La falta de delicadeza hacia los
familiares, la falta de respeto hacia los fallecidos es lamentable,
condicionando, con tan bochornosa actitud, lo más bajo de la profesión.
Y es que hay periodistas dispuestos
a todo para conseguir la noticia. Por ejemplo, me llamó la atención, entre las
muchas escenas de los diversos reportajes televisivos sobre la calamidad, una
mujer desconsolada que lloraba la pérdida de un ser querido, rendida en el
hombro de su marido mientras clamaba una respuesta ante el trágico destino. El
cámara grababa la escena a una media distancia, mostrando algo de decoro. De repente,
tras la señora y su marido, aparecen en encuadre dos tipejos con sus grabadoras
de voz empotrándolas ante la cara de la mujer, hasta que otro familiar, testigo
del escarnio, los alejó con semblante serio y una inmerecida cortesía.

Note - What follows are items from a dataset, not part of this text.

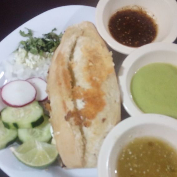 BOLILLO GRANDE, CARNE A SU ELECCION, CREMA, LECHUGA, CEBOLLA Y JITOMATE
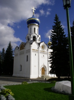 Духовская церковь — второй каменный храм Лавры (1476-1477) и старейший в Руси образец типа «иже под колоколы»: звонница интегрирована в цилиндрический барабан, опирающийся на своды основного четверика. Построенная псковскими мастерами по указу великого князя Ивана III, она стала экспериментальной площадкой московского кирпичного строительства. Пояс из терракотовых балясин с поливными изразцами (в центре кокошников — зелёные медальоны с розетками) считается предтечей узорочья конца XVI в. В XVII в. храм расписывался артелью Степана Рязанца, сохранились клейма «Деисус» и «Чудо в Кане». На звоннице до 1918 г. висел «всполошной» колокол — сигнал тревоги для всей Радонежской земли.
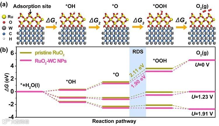图4. RuO2-WC NPs 上 OER 四电子过程吸附模型及反应中间体的吉布斯自由能。

Tal vez, no lo sé, este trabajo sea
así. Tal vez rija una ley de la selva, donde devoras o te devoran. O tal vez
sea una cuestión más simple. Tal vez sea que resulta inevitable la existencia
del clásico gilipollas. El de toda la vida. Como el imbécil que grababa el
escenario del desastre con su teléfono entre sollozos y gritos, demandando
socorro para las víctimas, en lugar de guardarse el puñetero aparato en el
bolsillo y correr de un lado a otro prestándolo él (el socorro), o buscando a
quien lo prestara. En una situación como ésa, en medio de la catástrofe, con
personas malheridas y agonizantes, creo que lo último que se me ocurriría es
sacar el móvil para otra cosa que no sea llamar a emergencias. De estar éstas
presentes, echaría una mano en lo posible. Aunque fuera alejándome de allí,
para no entorpecer la labor de otros más cualificados para ello. Supongo que es
lo que haría cualquier persona razonable. De hecho, es lo que hicieron decenas
de personas, vecinos de lugar, en cuanto les sorprendió el estruendo del accidente:
acudir rápidamente a prestar auxilio o mantenerse al margen, a una discreta
distancia, sin molestar, o facilitando agua, mantas, herramientas…; lo
necesario.
Pero la noticia manda. Vende,
fundamentalmente. Y ya es condenable que haya tenido que pasar esta tragedia
para que los medios de comunicación dejen de bombardearnos con ERE andaluz,
Gürtel, Bárcenas y demás ralea que campa por ahí a sus anchas, mermándolas a la
mínima expresión. Lamentablemente, este año tampoco nos endosarán las conocidas
serpientes de verano —habríamos preferido millones—. Desaparecidas. Salvo las
intocables noticias futbolísticas.
Al margen de estos comportamientos
periodísticos, en los cuales no es fácil distinguir por momentos la línea de
separación entre el derecho a comunicar información y la moralidad —un tanto
aislados, pues aquí, como en todas partes, también hay profesionales
excepcionales—, la entereza, disposición y generosidad de nuestros
conciudadanos es digna de reconocer.
En lo que a mí respecta, al igual que estoy dispuesto a
criticar, lo estoy a aplaudir, cuando la ocasión lo merece. Como es el caso.